I realized I’d already watched the win over the Red Bulls by the second minute (why didn’t I remember watching it? While I was stone-cold sober, my wife talked over that whole damn game, hence the hole in my head), and decided I’d only watch the Montreal game. That’s when I learned that ESPN+’s archived footage would only let me go back to November 1...

…and so, thankful that circumstances saved me from my most excessive impulses, I just read some stuff and watched a couple videos of people doing the lifting for me. Like a normal person.

** After a week of being completely checked out of MLS, I don’t have a ton of specifics on what will help or hurt the Portland Timbers when they battle Atlanta for MLS Cup. After a battle of my own – How MLS Organizes Content on its Home Page versus Me (MLSoccer.com won; seriously, it takes a fucking divining rod to tick through their content) – and considering those inputs, here are my take-aways.
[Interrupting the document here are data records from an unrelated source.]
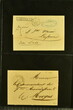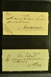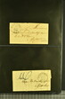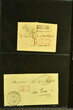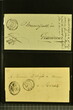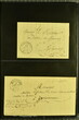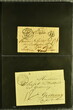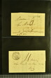 Kanton Waadt 1798/1860 (ca.): Sammlung von 160 vorphilatelistischen und vereinzelt markenlosen Briefen, alphabetisch nach Poststellen in zwei Briefalben. Dabei sechs Helvetikbriefe inkl. seltenem Ortsstp. "LAUSANNE" in schwarz (Grünewald 404b/10), seltene Ortsstp. der Kantonalpost wie Stabstp. "VALLORBES" in schwarz (Wi. 1853/11), "MORGES" in rot (Wi. 1740a/8), "PAYERNE" (Wi. 1796/8), "LASARRAZ" (1685/8) oder "ST. SAPHORIN" (1845/8), Valorenstp. wie die eingefassten Stabstp. "GRANDSON" (Wi. 1683/9), "LA SARRAZ" (Wi. 1689/10) und Nebenstp. wie Stabstp. "CHARGÉS" von Payerne (Wi. 1808/10), gefasstes "CHARGÉ" von Yverdon (Wi. 1911/9), "P.P." von St. Saphorin (Wi. 1848/9) und Ballaigues (Wi. 1614/8) oder nicht gelistetes "P.D." von Ballaigues (1849). Ausserdem interessante Verwendungen wie Wertbriefe, Forwardedbriefe, Auslandsbriefe nach Deutschland, Frankreich, Italien oder Belgien sowie ein BoM nach Spanien (1860), handschriftlicher Herkuntsvermerk "Grandson" mit beigefügtem schwarzem "PP" (Wi. 1684/8) auf Salzbrief nach Lausanne (1813) sowie ein Brief von Aubonne nach Genf (1836) mit seltenem schwarzem Taxzahlenstp. "2s" im Oval (Wi. 2658/9). Eine vielfältige Sammlung in leicht unterschiedlicher Erhaltung.
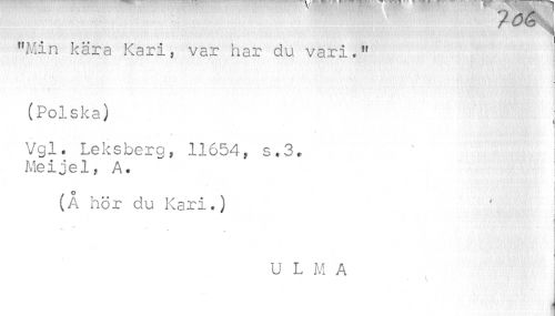 //// /CJb //// "Min kära Kari, var har du vari." //// (Polska) j //// ^ » //// Vgl. Leksbergf 11654, s,3. Meijel, A. //// (Å hör du Kari.) //// f //// U L M A //// \ //// I ////
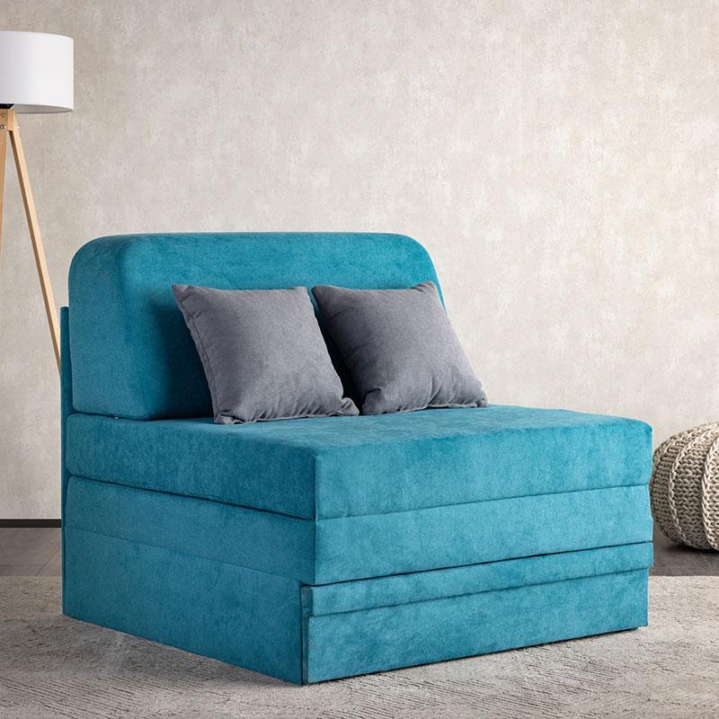 Choose an elegant and practical armchair. The Fantastico armchair-bed is ideal for small spaces and can be harmonized with any type of decoration. Its advantages are that with the folding mechanism it is easily and quickly transformed into a single bed! In fact, under its base, the armchair has a storage chest. Choose it in one of four impressive colors available in our collection and you will be a winner!
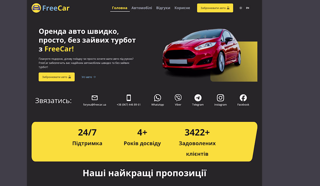 the website for car rental with a dual theme and multilingual. Technology: Nuxt, Postgres, Laravel
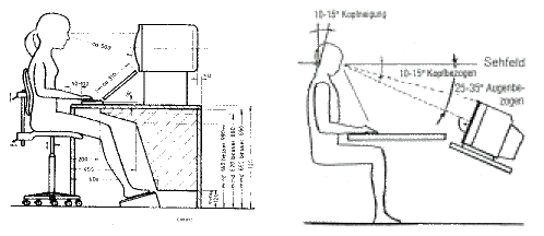Ergonomisch günstigere Gestaltung eines Bildschirmarbeitsplatzes (rechts).

The Layout Favors Atlanta, but There Is No Underdog
In the one in-depth preview video I found (before giving up; work on it, a-holes), Taylor Twellman and Matt Doyle (also Calen Carr) made smart comments about Atlanta’s greater flexibility in terms of how they can attack, and I think those are accurate. Doyle leaned harder into the argument that Portland is a one-trick pony – e.g., stay organized (a word that needs refining) and counter – but the Timbers are really good at that trick; moreover, “really good” leveled up to fucking great around the beginning of October. Better still, this “you had one job” style of play travels well. I don’t know whether to call it irony or accidental brilliance, but the MLS home page’s article on that same point puts more time into talking about the Timbers’ other long-suit instead: how thoroughly capably this team plays for another. Portland has been on the same sentence of the same page for the entire post-season, something that has made them so damn hard to beat that no team has.

To the extent Atlanta holds an edge, those factors – e.g., a reliable game-plan that every player understands and believes in – push back against it.